Sunday, May 22, 2016

Wife gets backlash for her desire to look good for her husband

If you want to be controversial about relationships today, just say something with common sense.  That's what blogger Amanda Lauren did when she wrote the following article about making a commitment to look good for her husband.  While it was surprising to hear someone include that commitment in their marriage vows, I found her approach in her post quite reasonable, understanding, and wise!  However, she got so much backlash that it warranted a article about all the negative press she got!

Well, to credit her, and to share her wisdom (at a young age I might add), I have posted her article below.  You can see the original here, as well as the comments, some of which may require a bath afterwards to clean off from your memory.

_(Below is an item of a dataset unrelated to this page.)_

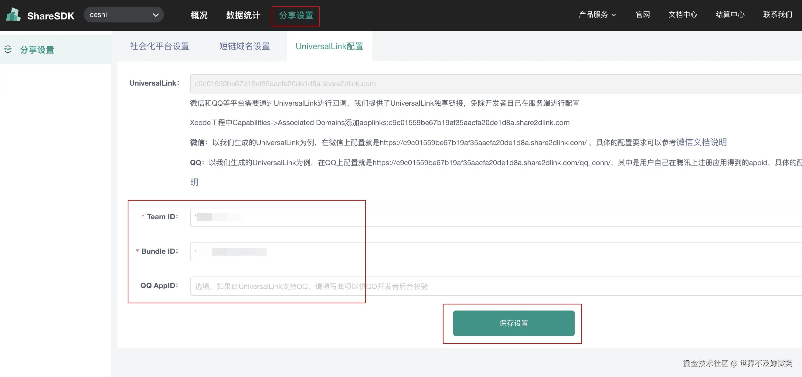 注意: Team id,Bundle id 这些必须要填写的和自己项目里使用的证书的 Team id 和 Bundle id 一致,QQ AppID 是填写 qq 初始化的 appid,如果需要 QQ 平台,那么需要填写上,把信息都填写之后保存了才可以使用我们生成的 Univesal link

Staying Hot for My Husband is ESSENTIAL to a Successful Marriage

by Amanda Lauren 

They say "Happy wife, happy life," but I'm happiest when my husband is happy.
My husband and I probably have a more traditional marriage than most millennials. If I'm there when my husband gets home from work, I love to make him his favorite cocktail (it's kind of Mad Men, but it works for us). Sunday is my night to cook dinner. But one of the most important things I do to make him happy is to be the woman of both his fantasies and reality.

When we were married a few weeks ago in front of our families, friends and a Rabbi, I vowed to stay hot for my husband.

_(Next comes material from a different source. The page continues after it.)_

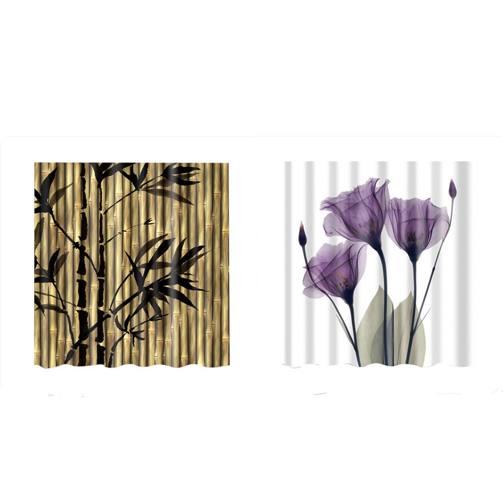 Floral Bamboo Shower Curtain Home Hotel Bathroom Curtain 180X180CM Polyester

Before you label me anti-feminist or old-fashioned, please understand that when I look good I feel more confident in myself. Feeling good ultimately allows me to be a better, happier and more considerate partner.

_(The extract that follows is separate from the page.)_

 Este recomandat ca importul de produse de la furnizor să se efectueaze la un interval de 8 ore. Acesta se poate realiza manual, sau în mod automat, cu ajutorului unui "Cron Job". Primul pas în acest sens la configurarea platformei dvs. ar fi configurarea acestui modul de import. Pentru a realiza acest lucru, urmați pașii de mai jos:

I see the look on my husband's face when I come out of the bathroom, ready for a night out, or the way he checks out my butt on the way to Pilates class. Having an attractive wife makes him happy. They say "Happy wife, happy life," but I'm happiest when my husband is happy.

According to April Masini, a New York-based relationship and etiquette expert and author, it's incredibly important for women to maintain their looks. She says, "There's no question about it: men are visual — at all ages — and they want you to look attractive, and they want their friends to be jealous."

If men can't help but be visual creatures, I need to oblige. And while I'm not sure if his friends are jealous so to say, they do acknowledge he has a hot wife.

While I'm aware you can't deny the inevitable process of aging, both Masini and I agree that being young and being attractive aren't mutually exclusive.

"You can find beauty in convention or you can find beauty in creation. People age and the way they look in a bikini changes. But the way they conduct themselves, carry themselves and comport themselves can create a sizzle hotter than a thong," she says. It's all about working with what you have.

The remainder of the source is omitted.